▸ **ABOUT THIS TASK**
Retype every line from the start of the data down to and including the line with "Uhr (h = 68,4°) |". Skip the pictures.

▸ **DATA BLOCK**
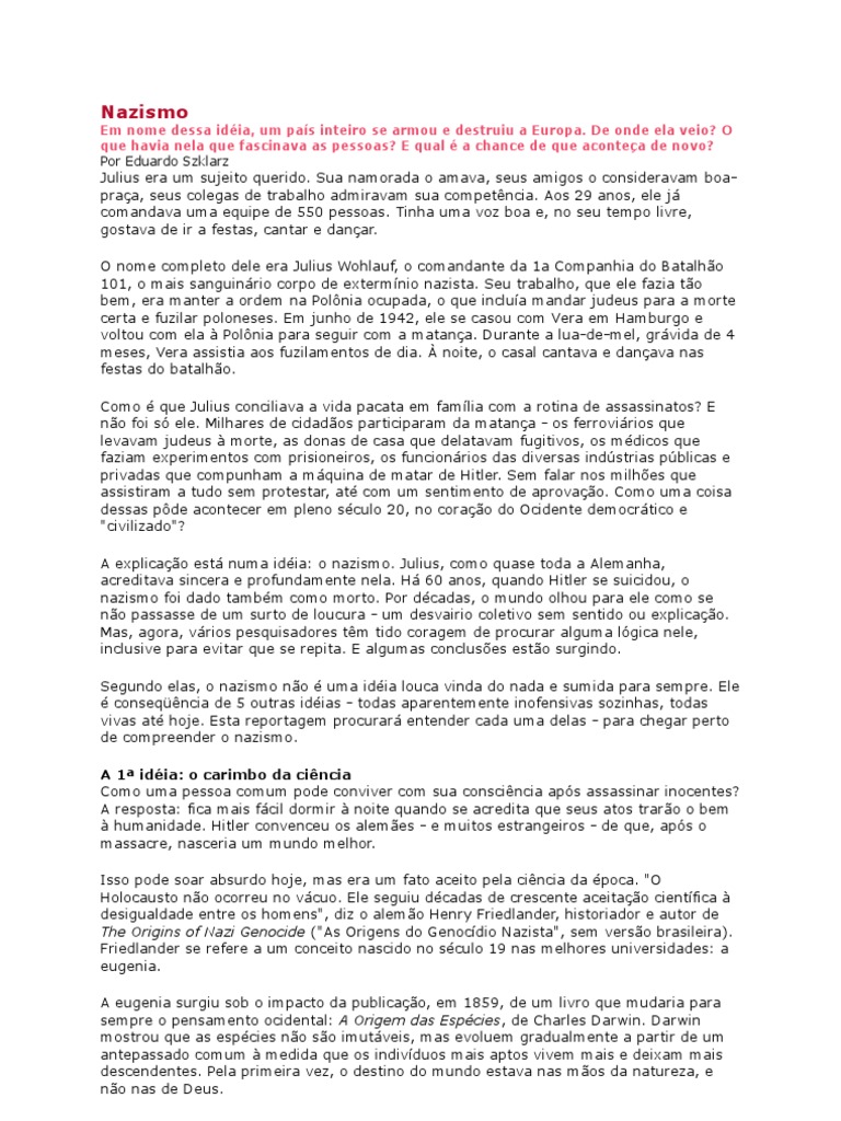 O nazismo pode até ter morrido. Mas os seus 5 pilares, as 5 idéias que deram origem a
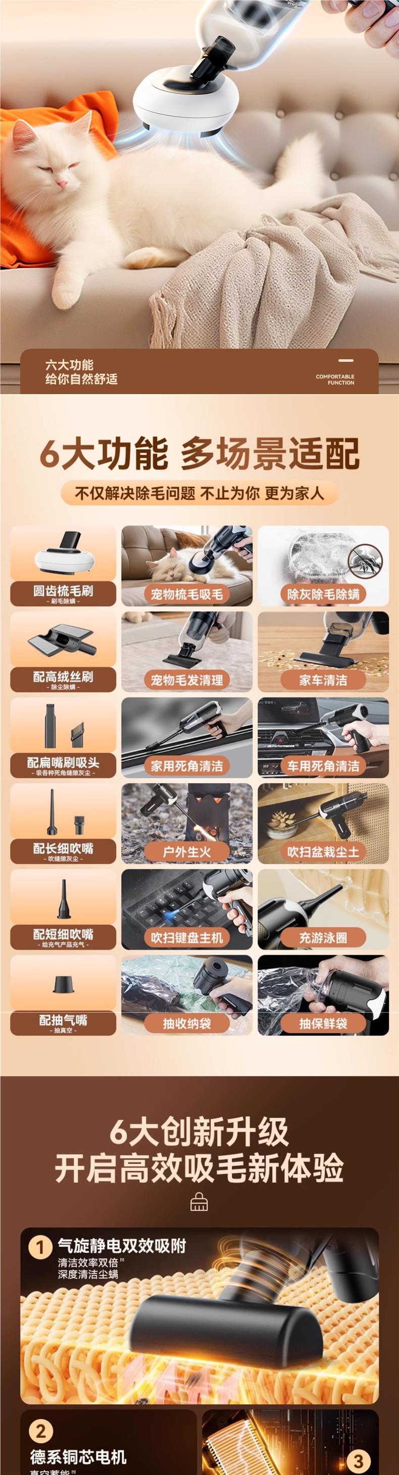 무선 진공 청소기 작은 애완 동물 머리 흡입 고양이 머리 흡입 유물 가정용 개 고양이 머리 휴대용 침대 도매스토어 가기
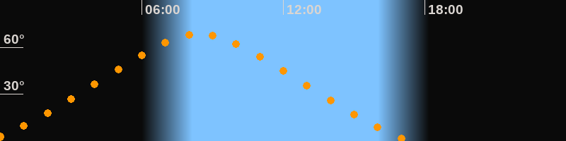 | Höchster Stand (Kulmination) | 08:27 Uhr (h = 68,4°) |
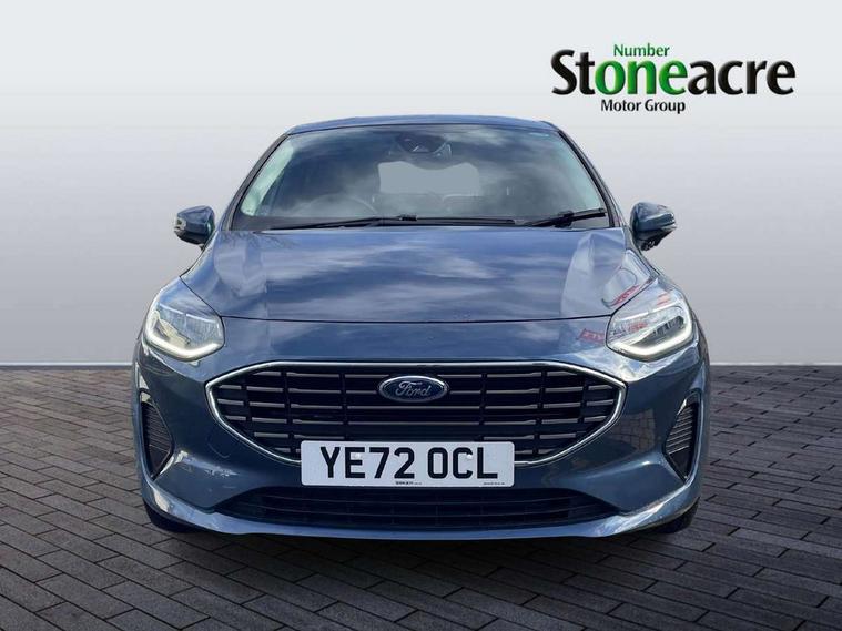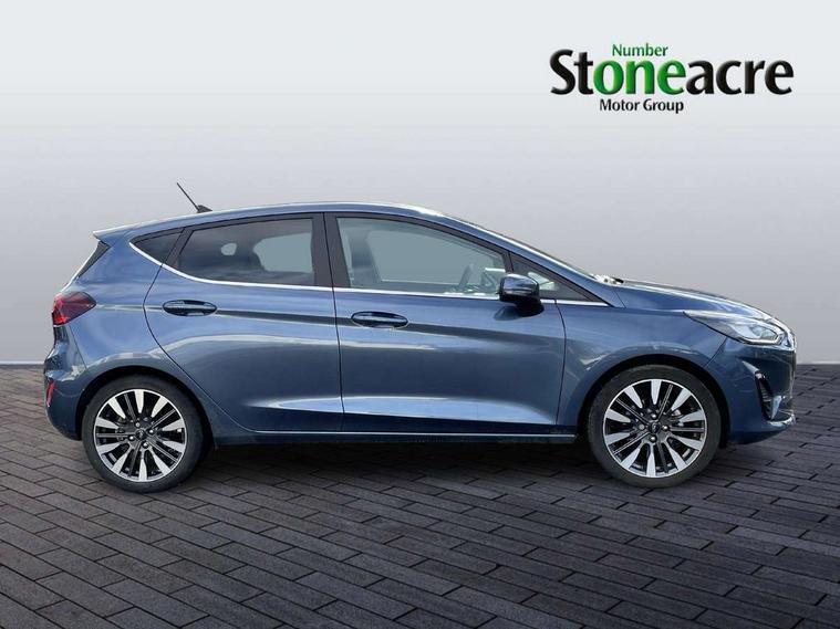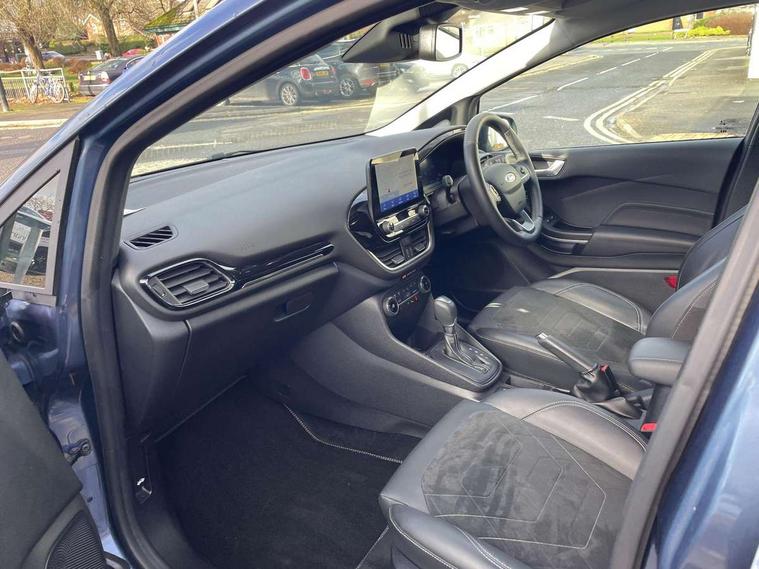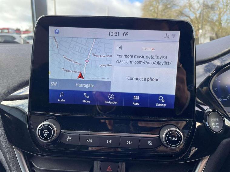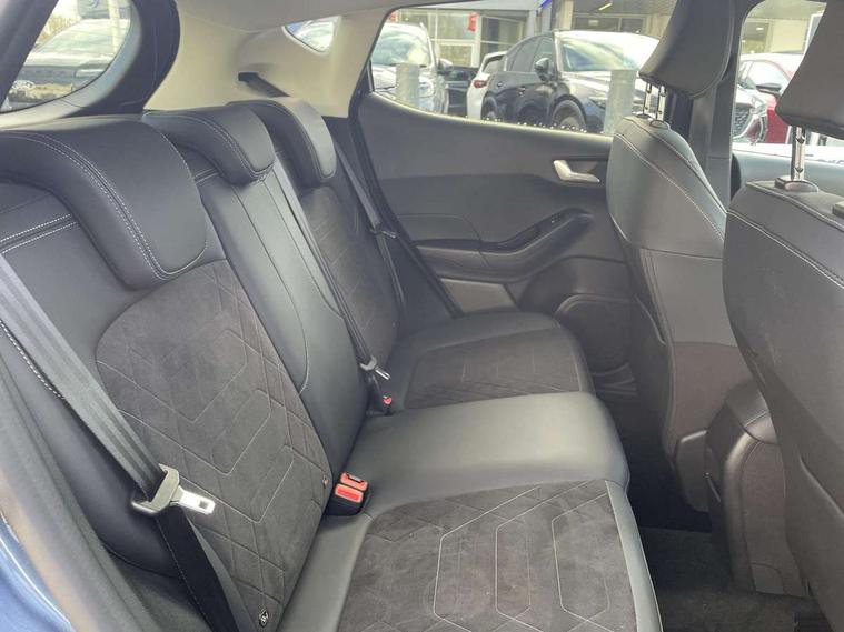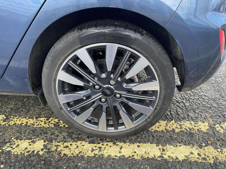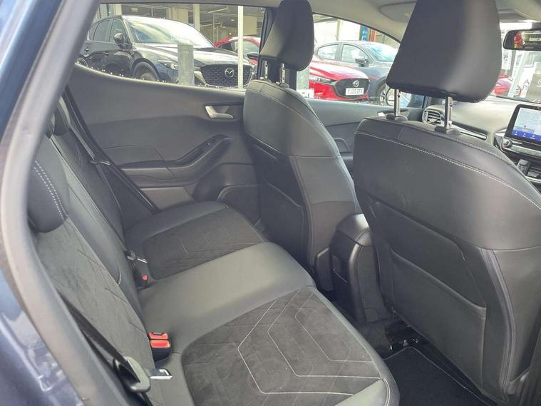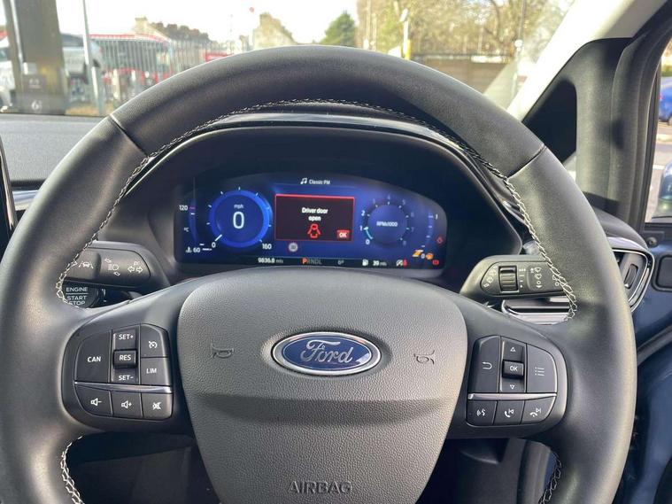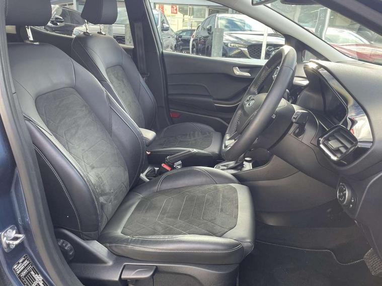 4.2" TFT instrument cluster screen, Bluetooth system, Electric power steering, Ford easy fuel, Rear parking distance sensors, Selectable drive modes (Normal, Sport, Track), Traffic sign recognition, Trip computer, 2 USB ports, Auxiliary input socket, B&O Premium audio system with 8" touchscreen, 10 speakers, 360 degree sound system, Ford SYNC 3 navigation system and Ford pass connect, DAB Digital radio, Steering wheel mounted controls, Auto high beam, Body colour bumpers, Body colour door handles, Body colour rear spoiler, Body coloured electrically operated and heated door mirrors with side indicators, Chrome beltline trim, Chrome front grille, Chrome lower window surround, Cornering front fog lights, Electric front windows/one touch facility, Electric rear windows, LED Night signature to rear lights, Power foldable door mirrors with puddle lights, Quickclear heated windscreen, Rain sensing wipers and auto dimming rear view mirror, Rear privacy glass, Rear wiper, 3 spoke leather trimmed steering wheel with audio control, 60/40 split folding rear seat, Adjustable head restraints, Boot carpet, Centre console with opening armrest, 2x cupholders, 12v and USB, Chrome inner door handles, Drivers and Passenger lumbar support, EATC - Electronic Auto Temperature control, Footwell illumination, Front floor mats in velour, Front map reading lights, Front seat and rear pockets, Height adjustable passenger seat, Illuminated glovebox, Leather gear knob, LED ambient lighting, Load area light, Luxury woven headliner, Manual 4-way driver seat adjust, Overhead console with sunglasses holder, Pollen filter, Rake/reach adjustable steering wheel, Sensico partial premium upholstery, Sensico wrapped steering wheel, NCAP Pack - Fiesta, 3 point seatbelts on all rear seats, ABS+EBA, Curtain airbags, Driver and passenger airbags, Drivers knee airbag, Electronic stability control with hill start assist, Front passenger airbag deactivation, Front side airbags, Seatbelt warning, Two tone horn, Tyre pressure monitoring system, Ford keyfree system with Keyless entry and keyless start, MyKey system, Remote central locking & engine immobiliser, Thatcham Cat.1 alarm, 17" 8 spoke alloy wheels,

▸ **REPLY TO THE EXERCISE**
 O nazismo pode até ter morrido. Mas os seus 5 pilares, as 5 idéias que deram origem a
 무선 진공 청소기 작은 애완 동물 머리 흡입 고양이 머리 흡입 유물 가정용 개 고양이 머리 휴대용 침대 도매스토어 가기
 | Höchster Stand (Kulmination) | 08:27 Uhr (h = 68,4°) |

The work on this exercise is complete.